Cysts of odontogenic origin are the most common form of cystic lesions that affect the maxillofacial region which are divided conventionally into two groups. Developmental group is usually asymptomatic. However, they can become extremely large thus causing expansion of the cortical plates and erosion, for example, keratocyst and dentigerous cyst.[1] The second group includes inflammatory group like radicular cyst. Radicular cysts are traditionally believed to be the most common cystic lesions[1],[2],[3] and prevalence ranges from 52% to 68% of all the cysts affecting the human jaws.[2] Male patients show higher prevalence as compared to females, especially in the third decade of their life. The anterior region of the maxilla appears to be more prone to the development of cysts whereas in the mandible the radicular cysts tend to occur more frequently in the premolar region.[1] Abramowitz et al.[9] discussed guidelines of case selection for apical surgery where they emphasized that the management of 24.5% of the cases was not possible without surgical therapy. Success rate up to 90% or above have been documented in several clinical studies.[8]

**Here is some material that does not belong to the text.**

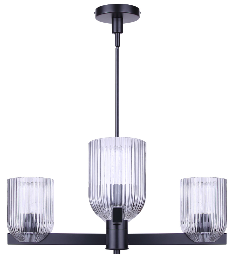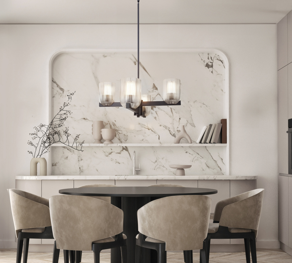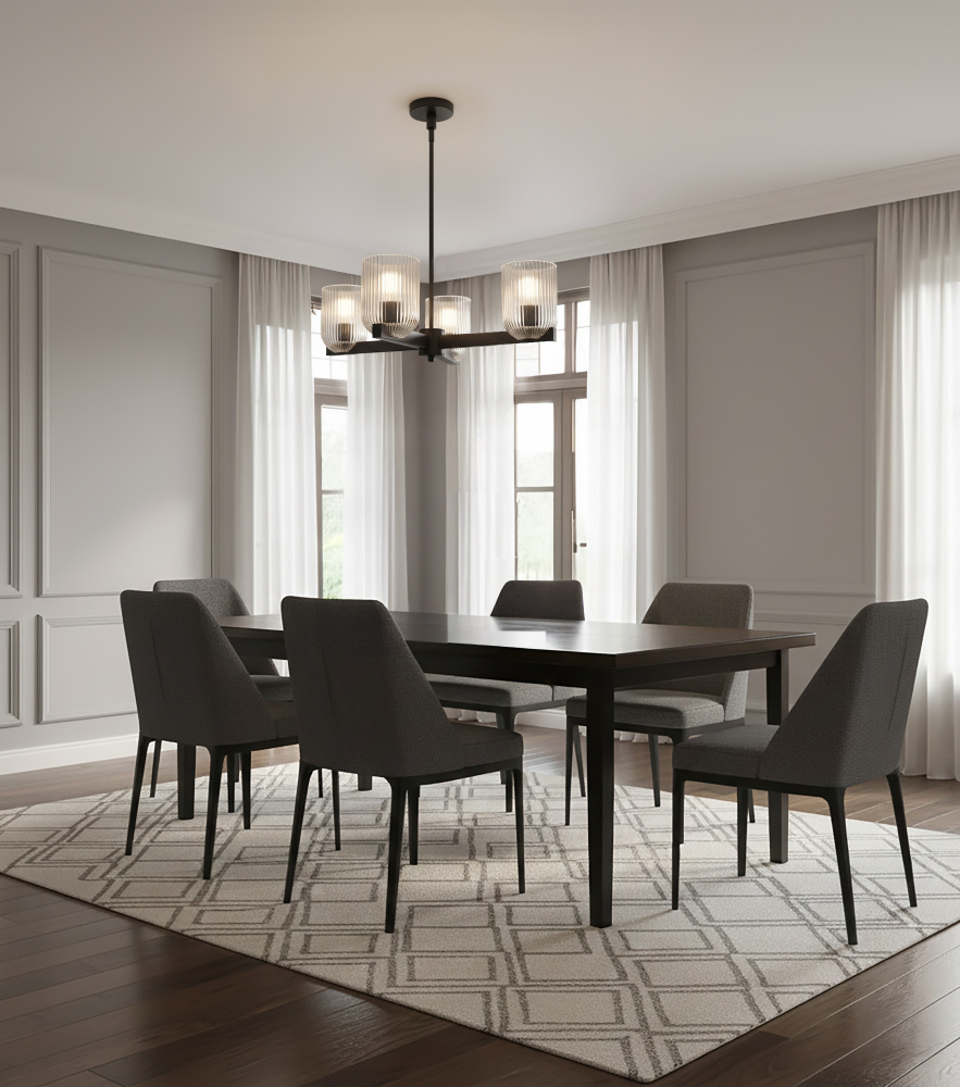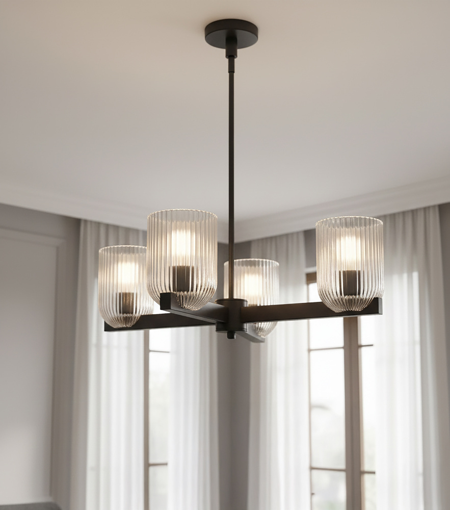The RENZO chandelier blends bold presence with subtle luxury, featuring a matte black frame and clear ribbed glass shades. With four lights, it balances strength and refinement, offering illumination that feels both striking and inviting. The ribbed detailing on the glass adds texture and dimension, complementing the smooth black finish for a contemporary yet timeless effect. Measuring 23 inches wide and adjustable from 17.25 to 59.25 inches, RENZO adapts easily to dining rooms, living spaces, or entryways. Designed for four 60W Type A bulbs, this chandelier is a statement piece for modern and eclectic interiors alike.

Thorough evaluation is substantially significant to reduce surgical trauma that helps to develop optimal conditions for debridement and subsequent root-end filling. Clinical parameters such as esthetic demands of the patient, periodontal status, biotype of the gingiva and width of keratinized gingivae, level of margin/s of the restoration, extent and condition of lesion needs to be evaluated prior to surgery. Radiographic evaluation of the parameters consists of location and size of the periapical lesion and health of the marginal periodontium.[8] The incision and flap design should be selected according to clinical and radiographic parameters. In situ ation, where the cystic lesion encompasses toward the alveolar crest, an intrasulcular incision is used for reflection of the flap to gain access to periapical lesion.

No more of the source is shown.